Sir, - When will Israel finally start taking its international PR seriously? Spokesmen such as Aryeh Mekel and Avi Pazner simply do not make the grade - it is vital to ensure that all our English-language spokesmen can communicate as articulately as Mark Regev and Micky Rosenfeld, or the splendidly eloquent Bibi Netanyahu.
Sir, - What you labeled "The wonderful craziness of the crowd at Ramat Hasharon" (Sports, February 4) was anything but wonderful. Being high-spirited and supportive at athletic events is part of the fun, but what happened on Sunday at the Fed Cups matches was disruptive, crude and disrespectful to all the players.
Cheering loudly is certainly appropriate - but disrupting the play by extended chanting, booing and whistling during a serve, and calling a ball out is beyond sportsmanlike behavior in tennis.
Tennis is a game of individuals, demanding the utmost concentration and flow. The crowd on Sunday was trying to influence the outcome of the game rather than letting the women play. In doing so they didn't help, but came off as unsophisticated and rude spectators.
This is hardly an image we should project to the world of tennis.

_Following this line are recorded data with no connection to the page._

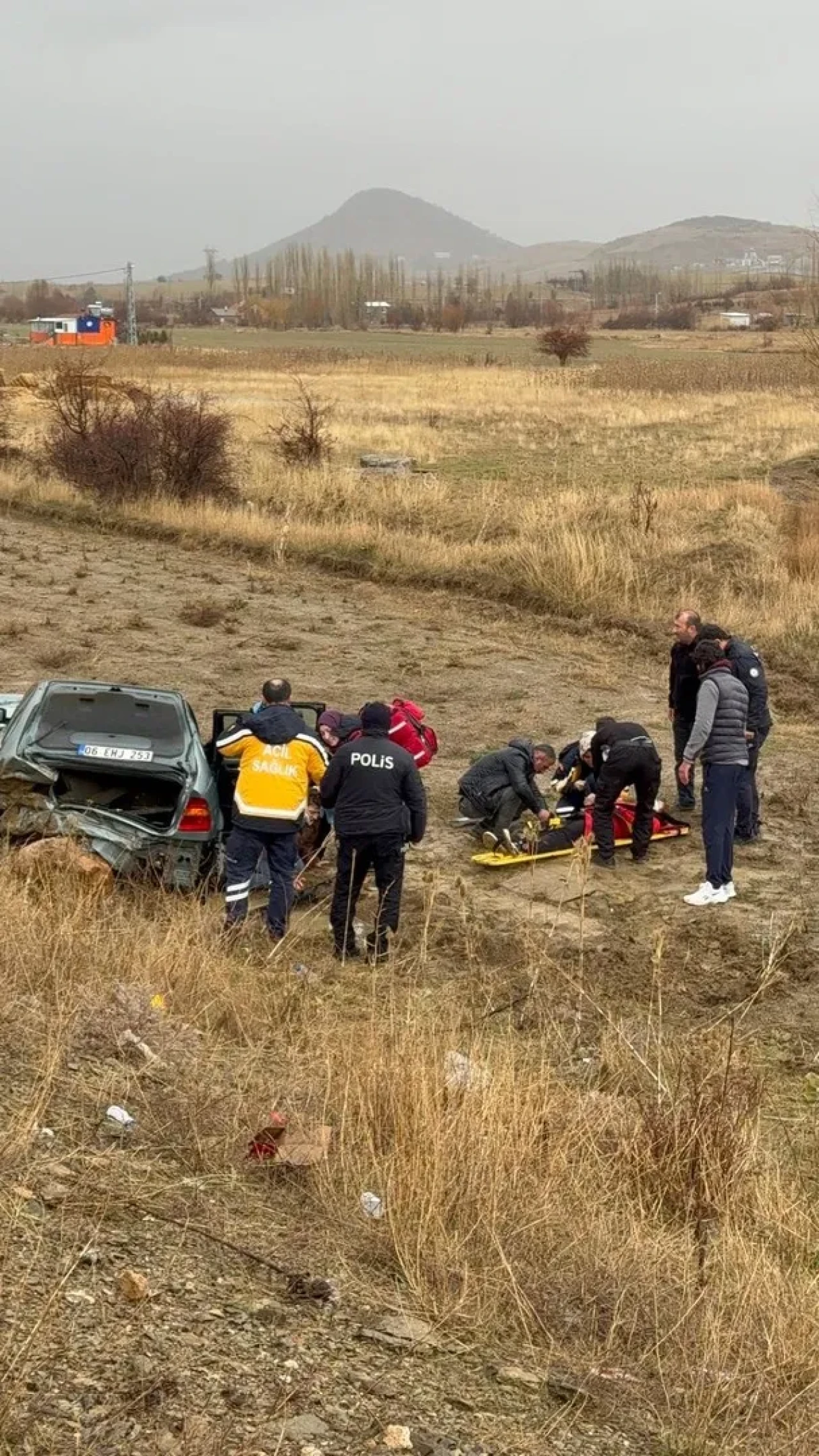 Kazada sürücü ile yolculardan ikisi yaralandı. Sağlık ekipleri gelene kadar bir vatandaş yaralıların ıslanmaması için şemsiye tuttu.
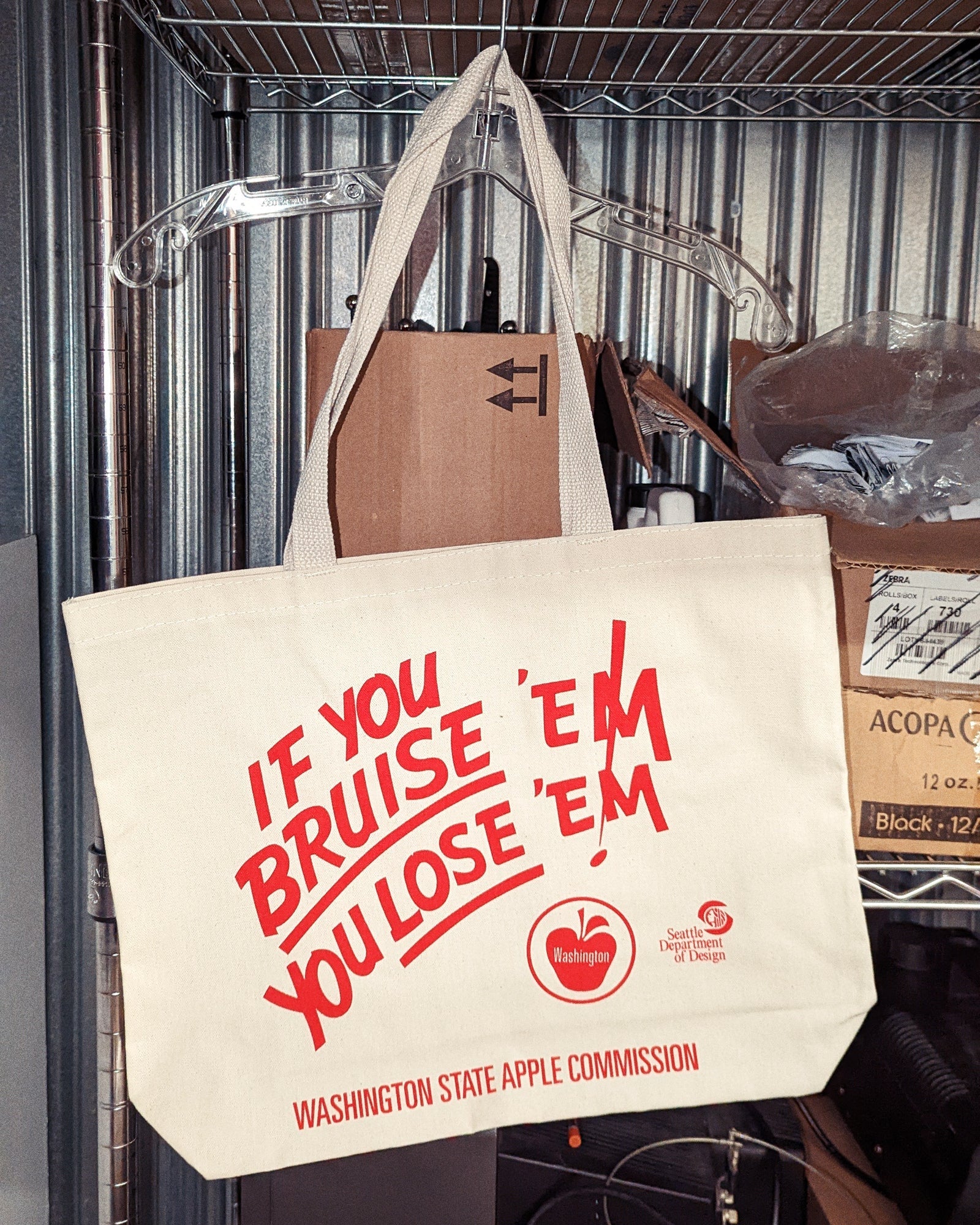 "If You Bruise 'Em, You Lose 'Em!" was a message directed at grocery handlers and those in charge with transporting Washington's natural bounty. A good apple isn't tough, and it needs to be handled with care before reaching the customer.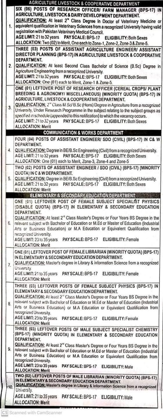 | 6 | Female Subject Specialist Physics | BPS-17 | 01 |

Sir, - Forget "Israeli nationalism" and "gleeful Israeli support" - call it what it was: plain bad manners. And there is no excuse because anyone who enjoys tennis has watched enough games on TV to know how tennis spectators behave.
It may be the lack of exposure to sport facilities and culture in schools, or coaches (and parents) who fail to emphasize the importance of manners in sport, and elsewhere. Whatever the reason, the results are deplorable.
I am embarrassed. The tone of this article implied that the Israeli crowd was "cute." In fact, it was a moment of lost opportunity for the Israeli sports fans.